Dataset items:
################
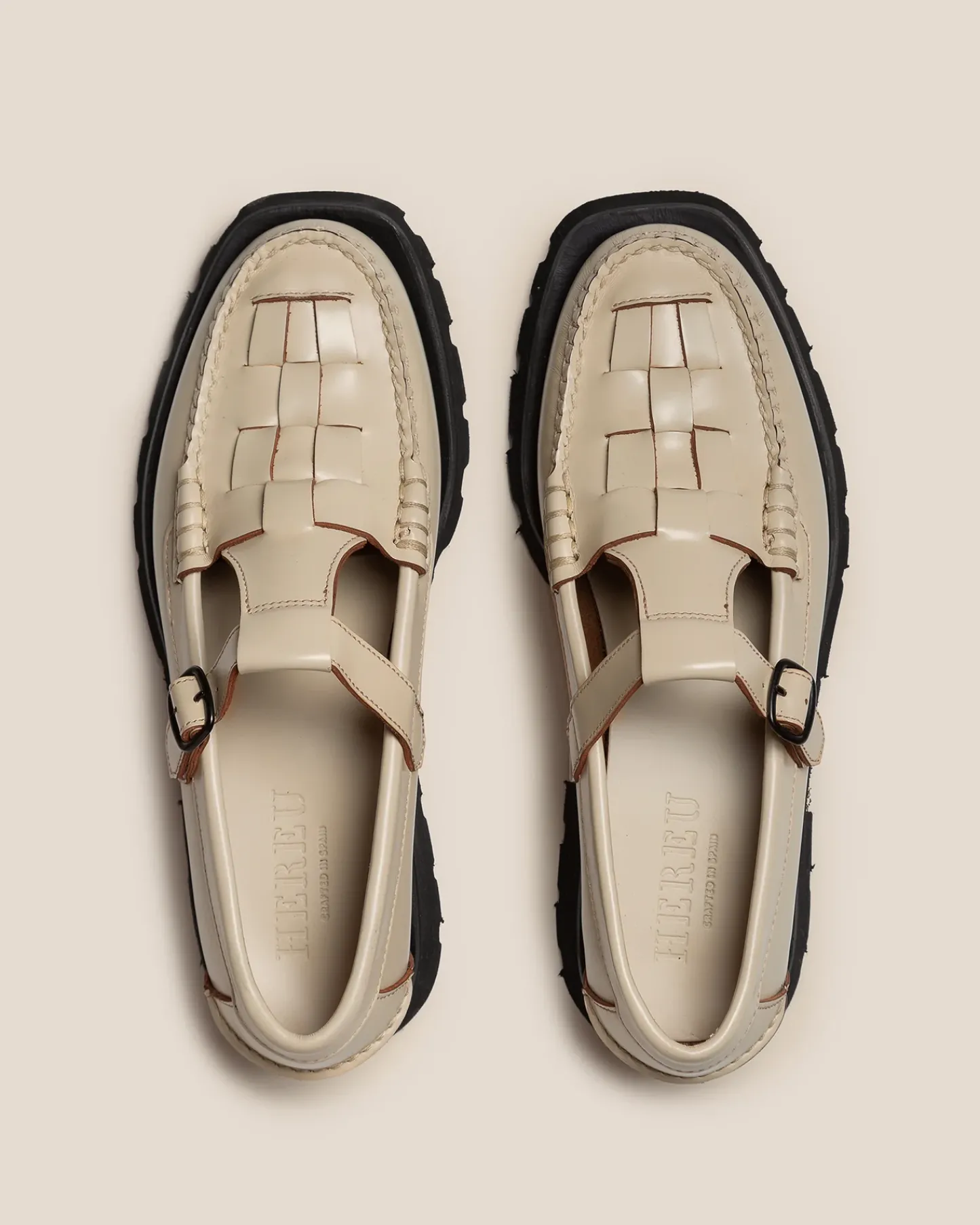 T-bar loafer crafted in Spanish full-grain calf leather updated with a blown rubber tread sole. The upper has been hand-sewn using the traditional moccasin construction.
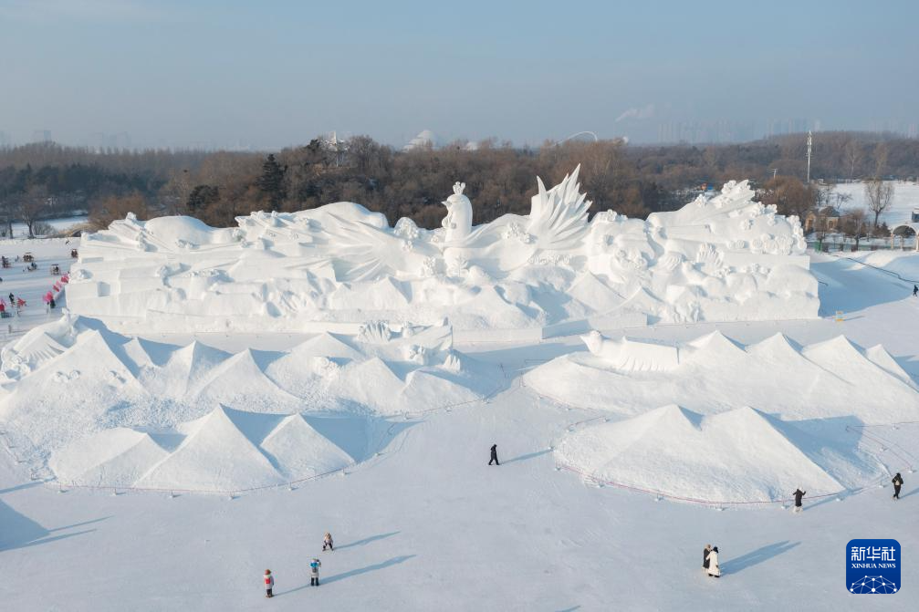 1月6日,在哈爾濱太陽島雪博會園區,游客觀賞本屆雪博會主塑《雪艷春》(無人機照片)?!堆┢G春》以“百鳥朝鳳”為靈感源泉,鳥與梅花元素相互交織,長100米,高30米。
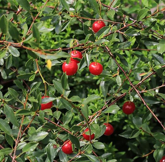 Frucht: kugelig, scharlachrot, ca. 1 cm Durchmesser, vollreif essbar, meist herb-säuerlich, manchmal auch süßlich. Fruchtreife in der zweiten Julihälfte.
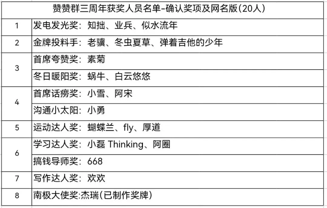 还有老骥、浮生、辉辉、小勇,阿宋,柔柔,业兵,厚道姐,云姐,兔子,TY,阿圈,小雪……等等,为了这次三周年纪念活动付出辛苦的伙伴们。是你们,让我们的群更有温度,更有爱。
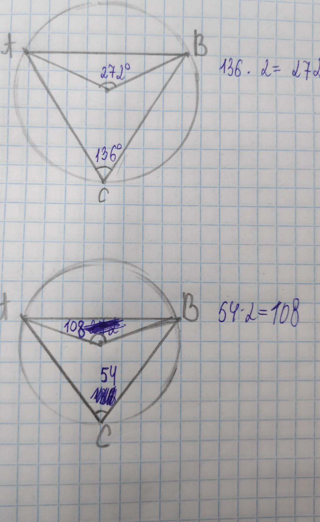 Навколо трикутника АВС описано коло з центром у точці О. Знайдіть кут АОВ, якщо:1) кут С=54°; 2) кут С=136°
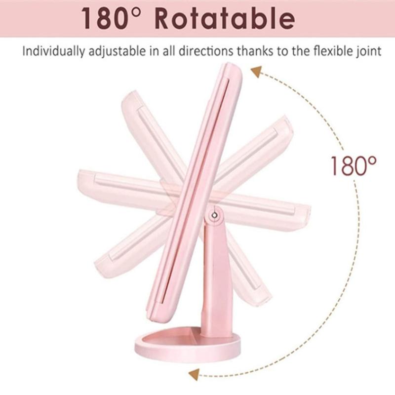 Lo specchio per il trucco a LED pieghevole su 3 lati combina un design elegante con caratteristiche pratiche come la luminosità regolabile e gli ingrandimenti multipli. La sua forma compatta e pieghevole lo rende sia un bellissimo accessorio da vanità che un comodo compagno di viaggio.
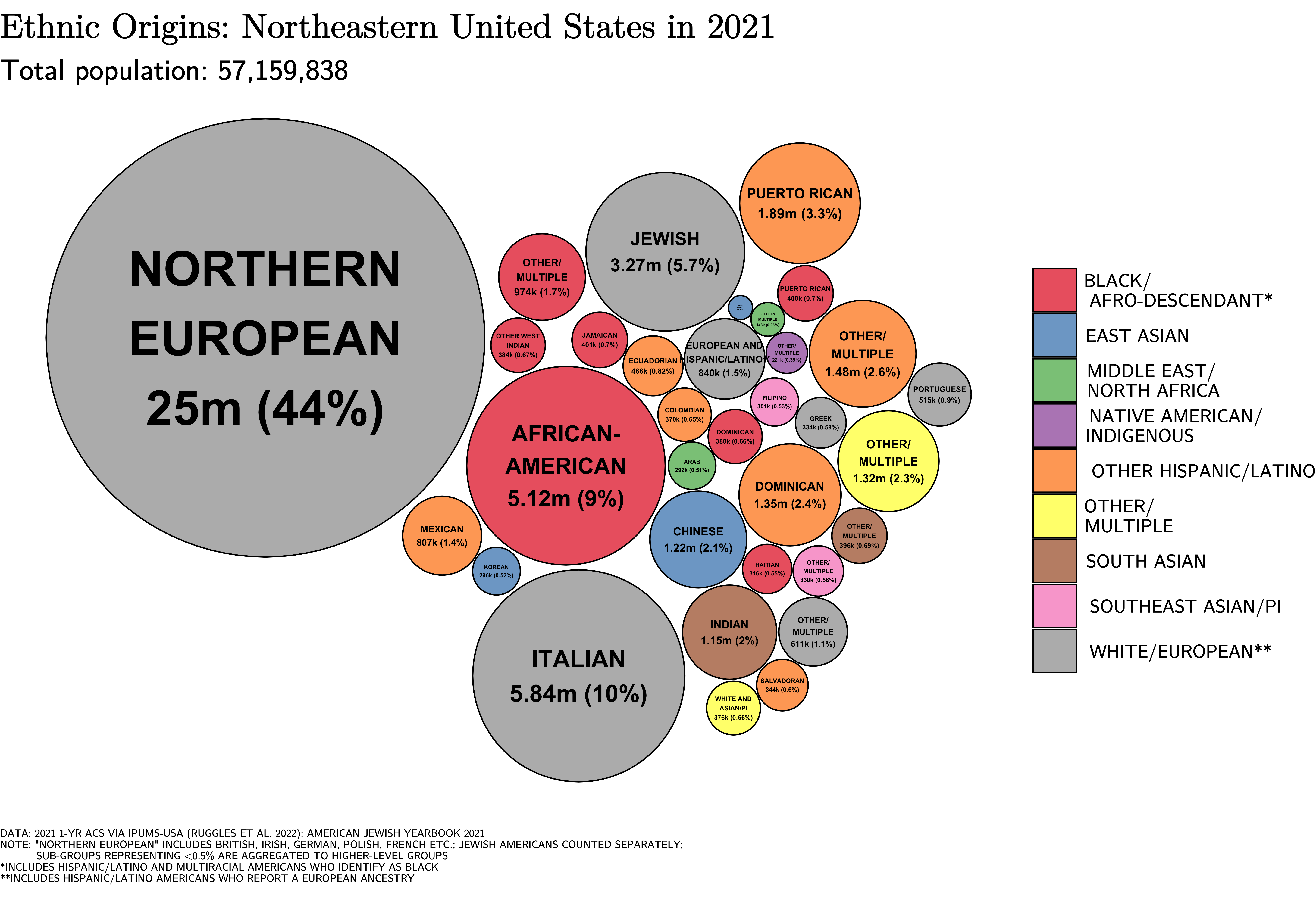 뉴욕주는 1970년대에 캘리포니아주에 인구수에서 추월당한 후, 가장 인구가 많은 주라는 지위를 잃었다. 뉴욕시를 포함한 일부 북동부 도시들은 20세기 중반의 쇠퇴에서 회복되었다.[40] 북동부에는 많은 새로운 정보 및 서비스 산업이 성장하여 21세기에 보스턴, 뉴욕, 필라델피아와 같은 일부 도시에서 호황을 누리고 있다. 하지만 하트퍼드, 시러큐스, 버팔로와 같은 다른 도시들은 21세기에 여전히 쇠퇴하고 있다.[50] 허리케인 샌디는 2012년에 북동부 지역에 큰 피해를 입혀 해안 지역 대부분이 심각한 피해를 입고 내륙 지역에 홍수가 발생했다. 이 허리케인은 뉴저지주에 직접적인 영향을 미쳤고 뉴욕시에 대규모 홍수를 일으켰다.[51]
################
* **EXERCISE PROMPT**: Restate exactly, please, only the lines between the start of the data and the line containing "Lo specchio per", both ends included, skipping the pictures.

* **ANSWER TO THIS TASK**:
 T-bar loafer crafted in Spanish full-grain calf leather updated with a blown rubber tread sole. The upper has been hand-sewn using the traditional moccasin construction.
 1月6日,在哈爾濱太陽島雪博會園區,游客觀賞本屆雪博會主塑《雪艷春》(無人機照片)?!堆┢G春》以“百鳥朝鳳”為靈感源泉,鳥與梅花元素相互交織,長100米,高30米。
 Frucht: kugelig, scharlachrot, ca. 1 cm Durchmesser, vollreif essbar, meist herb-säuerlich, manchmal auch süßlich. Fruchtreife in der zweiten Julihälfte.
 还有老骥、浮生、辉辉、小勇,阿宋,柔柔,业兵,厚道姐,云姐,兔子,TY,阿圈,小雪……等等,为了这次三周年纪念活动付出辛苦的伙伴们。是你们,让我们的群更有温度,更有爱。
 Навколо трикутника АВС описано коло з центром у точці О. Знайдіть кут АОВ, якщо:1) кут С=54°; 2) кут С=136°
 Lo specchio per il trucco a LED pieghevole su 3 lati combina un design elegante con caratteristiche pratiche come la luminosità regolabile e gli ingrandimenti multipli. La sua forma compatta e pieghevole lo rende sia un bellissimo accessorio da vanità che un comodo compagno di viaggio.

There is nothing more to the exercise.